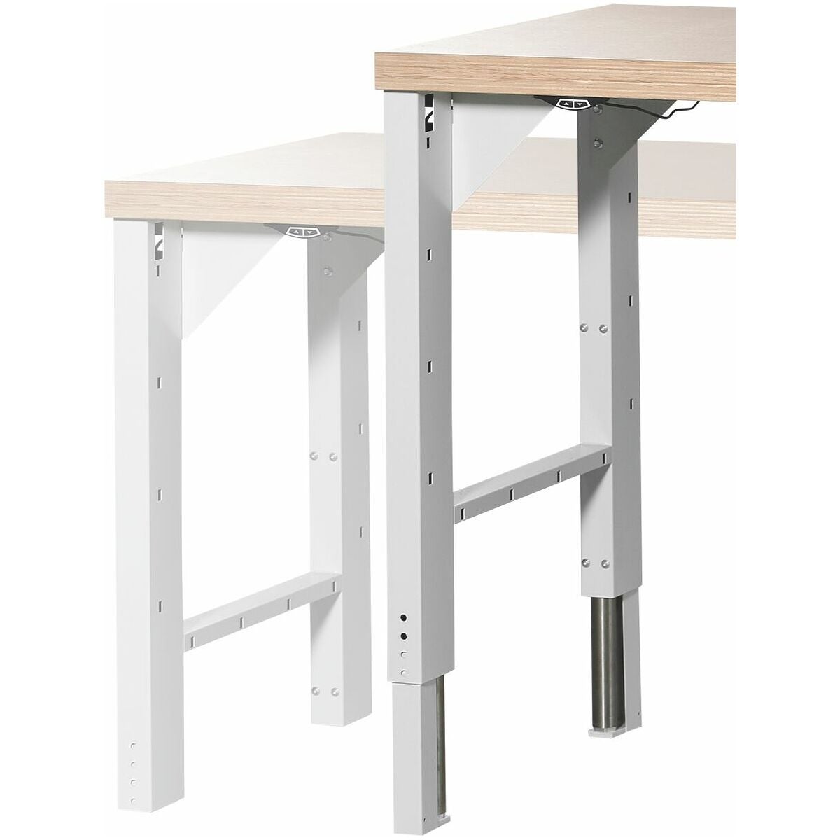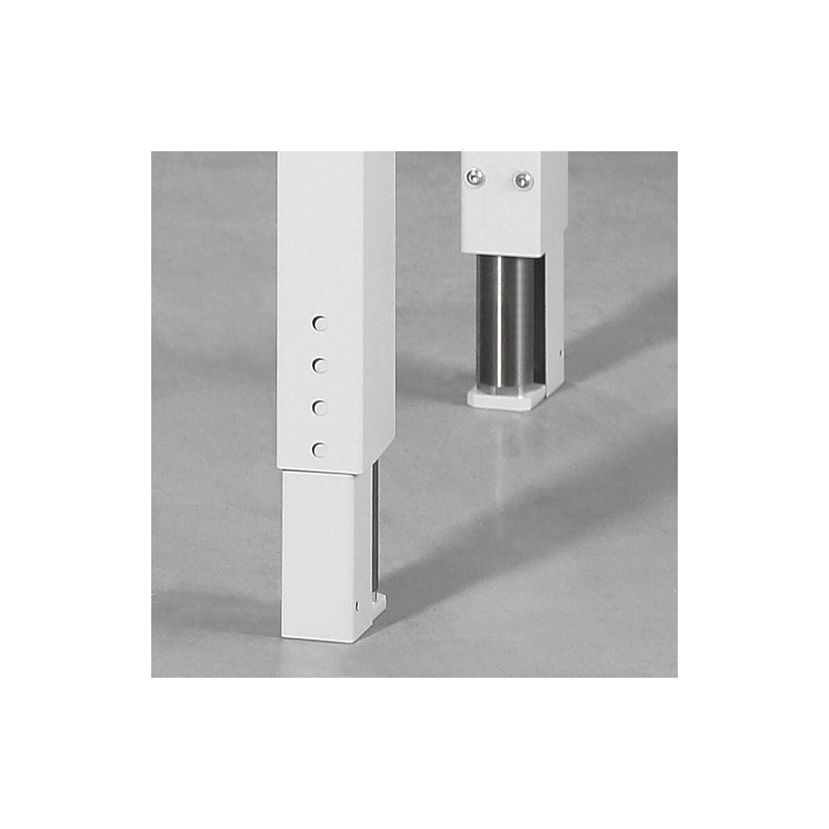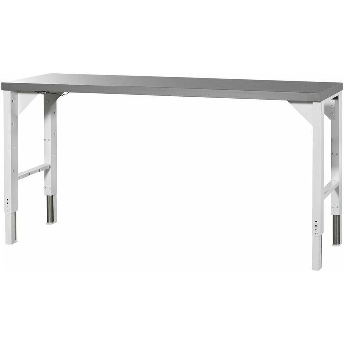 Arbetsbänk av stabil stålkonstruktion. Stödben 50 mm breda med tvärstagning. Med 2 par knutplåtar för förstyvning. Steglöst elektriskt höjdjusterbar. Höjdjustering med handknapp. Anslutningskabel med tysk jordad stickkontakt. Ansluten effekt 250 V / 50 Hz med högst 340 W.
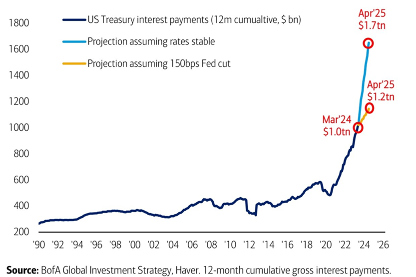 Den amerikanske statsgjelden har økt betydelig de siste årene. USA bruker mer penger enn den henter inn, spesielt på militære utgifter og helseprogrammene Medicare og Medicaid. Skattelettelsene som ble innført under Bush- og Trump-administrasjonene, har også redusert inntektene. Dette har ført til store underskudd på budsjettene. I tillegg har krisepakker og økonomiske stimuleringsprogrammer under finanskrisen i 2008 og Covid 19-pandemien økt gjelden dramatisk. Kraftig renteøkning øker kostnaden for betjening av amerikansk statsgjeld. Med dagens rentenivå, vil den årlige rentekostnaden for amerikansk statsgjeld risikere å øke til 1 700 milliarder dollar i april 2025 ifølge Bank of America. Til sammenligning er oljefondet på 1 600 milliarder dollar. I løpet av de syv første månedene av 2024 var rentekostnadene 514 milliarder dollar og gikk dermed forbi utgiftene til militæret (498 milliarder dollar), Medicare (465 milliarder dollar) og Medicaid (355 milliarder dollar).
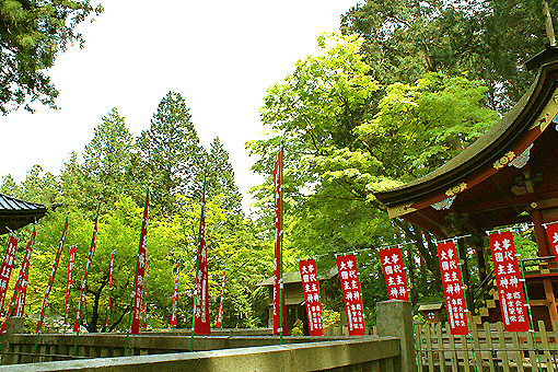 ここの祭神は大山祇神(おおやまづみのかみ)とその娘の木花開耶姫命(このはなさくやひめのみこと)
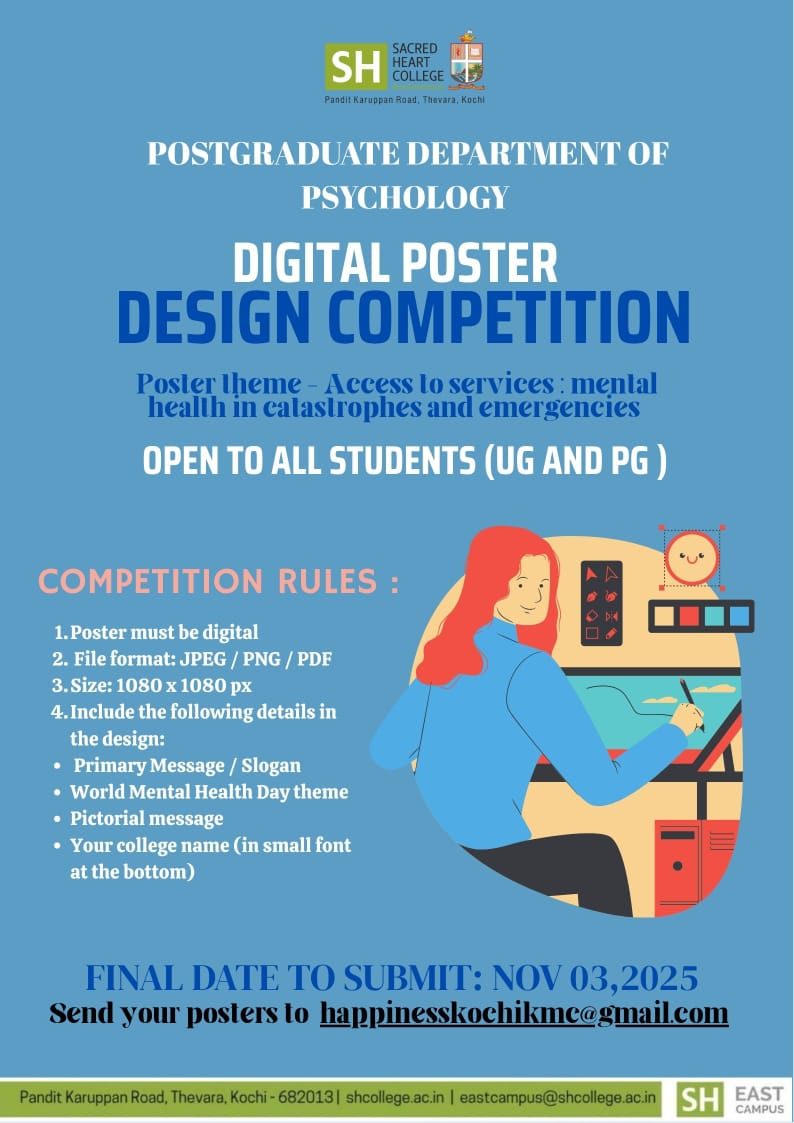 On 3 November 2025, the Department in association with Happiness Kochi hosted a Digital Poster Design Competition centered on the critical theme of "Access to Services: Mental Health in Calamities and Emergencies." Open to both undergraduate and postgraduate students, the event encouraged participants to explore the psychological impact of crises and the importance of accessible support systems through a creative, digital lens. By integrating graphic design with mental health advocacy, the competition successfully highlighted the urgent need for specialized intervention during humanitarian emergencies.
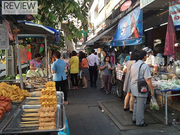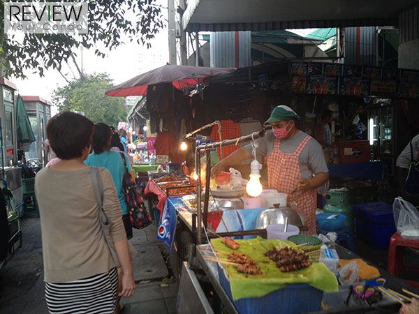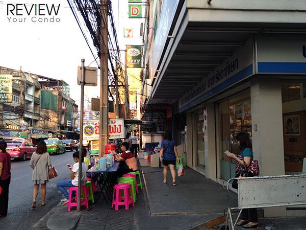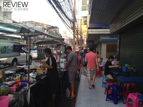 เมื่อเข้ามาถนนสุทธิสาร ริมทางทั้งสองฝั่งจะมีร้านค้าวางเต็มไปหมด
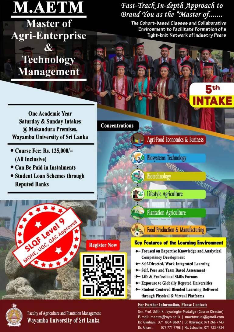 Calling Applications for the 5th intake of Master of Agri-Enterprise & Technology Management
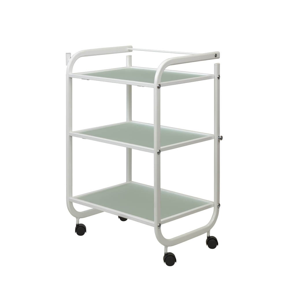 Комплектация: металлический каркас, три стеклянные полки с бортиками, четыре колеса.
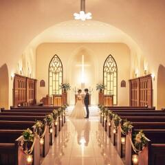 【教会口コミ1位受賞】天井高6m、90名着席可能な白亜の空間には「本物」のキャンドル・大理石のバージンロードを設え、専任牧師が贈る家族との繋がりを強く感じさせてくれる挙式は、ゲストの心にも強く刻まれる
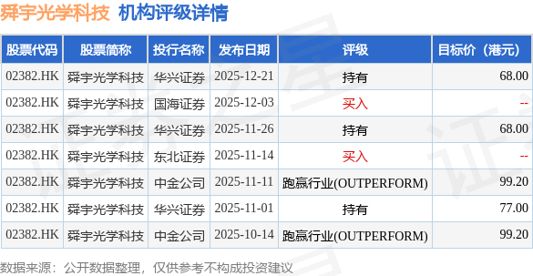 截至2026年1月6日收盘,舜宇光学科技(02382.HK)报收于67.1港元,下跌0.96%,成交量1642.33万股,成交额10.99亿港元。投行对该股的评级以持有为主,近90天内共有3家投行给出持有评级,近90天的目标均价为82.28港元。华兴证券最新一份研报给予舜宇光学科技持有评级,目标价68港元。
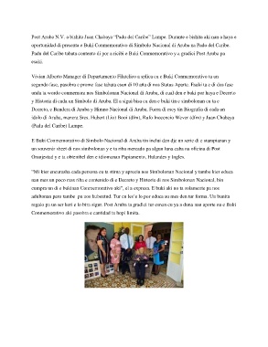 Padu del Caribe tabata contento di por a ricibi e Buki Conmemorativo y a gradici Post Aruba pa
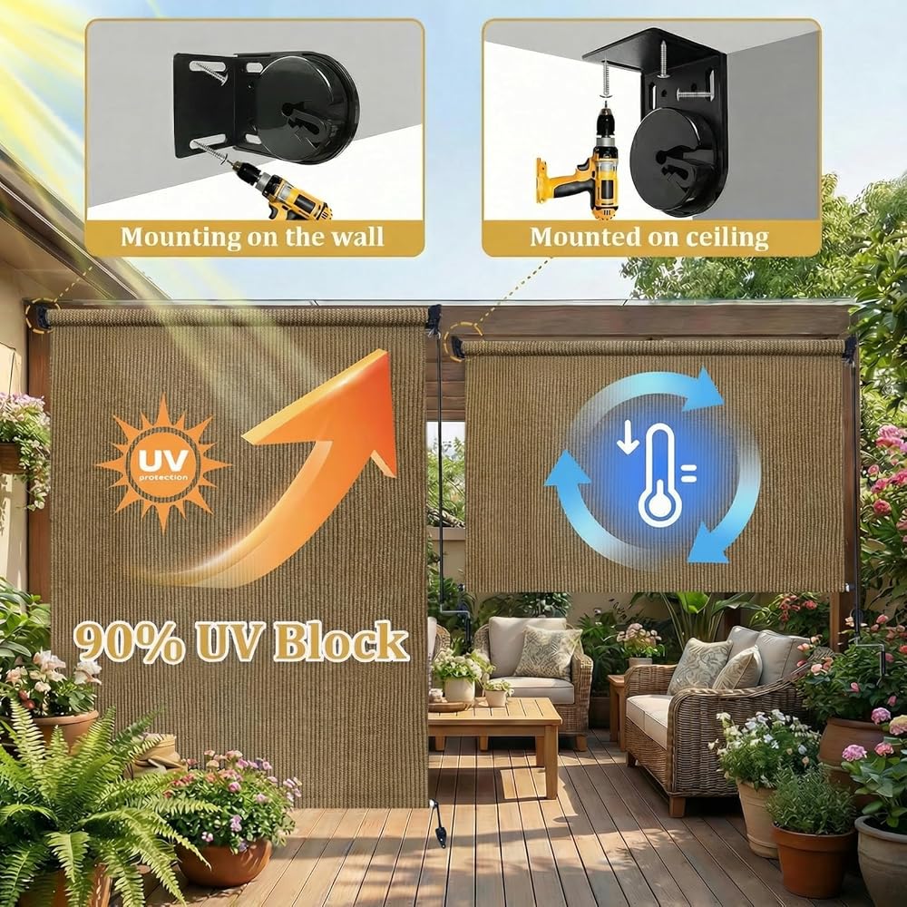 KANAGAWA Outdoor Roller Shade offers standard 4FT–12FT widths and fully custom sizes, with 5 color options to match your home decor. Crafted from 220GSM breathable HDPE fabric, it blocks up to 90% harmful UV rays, reduces heat and creates a cool, airy space. Ideal for porches, patios, balconies, gazebos and decks. All installation accessories and instructions are included for easy wall/ceiling setup. The spliced poles ensure compact shipping and prevent sagging, while the shade fabric stays seamless and neat.

_YOUR ASSIGNMENT_: All of the entries above need to be transcribed exactly, except for the pictures.

_ANSWER TO THIS PROBLEM_:
 Arbetsbänk av stabil stålkonstruktion. Stödben 50 mm breda med tvärstagning. Med 2 par knutplåtar för förstyvning. Steglöst elektriskt höjdjusterbar. Höjdjustering med handknapp. Anslutningskabel med tysk jordad stickkontakt. Ansluten effekt 250 V / 50 Hz med högst 340 W.
 Den amerikanske statsgjelden har økt betydelig de siste årene. USA bruker mer penger enn den henter inn, spesielt på militære utgifter og helseprogrammene Medicare og Medicaid. Skattelettelsene som ble innført under Bush- og Trump-administrasjonene, har også redusert inntektene. Dette har ført til store underskudd på budsjettene. I tillegg har krisepakker og økonomiske stimuleringsprogrammer under finanskrisen i 2008 og Covid 19-pandemien økt gjelden dramatisk. Kraftig renteøkning øker kostnaden for betjening av amerikansk statsgjeld. Med dagens rentenivå, vil den årlige rentekostnaden for amerikansk statsgjeld risikere å øke til 1 700 milliarder dollar i april 2025 ifølge Bank of America. Til sammenligning er oljefondet på 1 600 milliarder dollar. I løpet av de syv første månedene av 2024 var rentekostnadene 514 milliarder dollar og gikk dermed forbi utgiftene til militæret (498 milliarder dollar), Medicare (465 milliarder dollar) og Medicaid (355 milliarder dollar).
 ここの祭神は大山祇神(おおやまづみのかみ)とその娘の木花開耶姫命(このはなさくやひめのみこと)
 On 3 November 2025, the Department in association with Happiness Kochi hosted a Digital Poster Design Competition centered on the critical theme of "Access to Services: Mental Health in Calamities and Emergencies." Open to both undergraduate and postgraduate students, the event encouraged participants to explore the psychological impact of crises and the importance of accessible support systems through a creative, digital lens. By integrating graphic design with mental health advocacy, the competition successfully highlighted the urgent need for specialized intervention during humanitarian emergencies.
 เมื่อเข้ามาถนนสุทธิสาร ริมทางทั้งสองฝั่งจะมีร้านค้าวางเต็มไปหมด
 Calling Applications for the 5th intake of Master of Agri-Enterprise & Technology Management
 Комплектация: металлический каркас, три стеклянные полки с бортиками, четыре колеса.
 【教会口コミ1位受賞】天井高6m、90名着席可能な白亜の空間には「本物」のキャンドル・大理石のバージンロードを設え、専任牧師が贈る家族との繋がりを強く感じさせてくれる挙式は、ゲストの心にも強く刻まれる
 截至2026年1月6日收盘,舜宇光学科技(02382.HK)报收于67.1港元,下跌0.96%,成交量1642.33万股,成交额10.99亿港元。投行对该股的评级以持有为主,近90天内共有3家投行给出持有评级,近90天的目标均价为82.28港元。华兴证券最新一份研报给予舜宇光学科技持有评级,目标价68港元。
 Padu del Caribe tabata contento di por a ricibi e Buki Conmemorativo y a gradici Post Aruba pa
 KANAGAWA Outdoor Roller Shade offers standard 4FT–12FT widths and fully custom sizes, with 5 color options to match your home decor. Crafted from 220GSM breathable HDPE fabric, it blocks up to 90% harmful UV rays, reduces heat and creates a cool, airy space. Ideal for porches, patios, balconies, gazebos and decks. All installation accessories and instructions are included for easy wall/ceiling setup. The spliced poles ensure compact shipping and prevent sagging, while the shade fabric stays seamless and neat.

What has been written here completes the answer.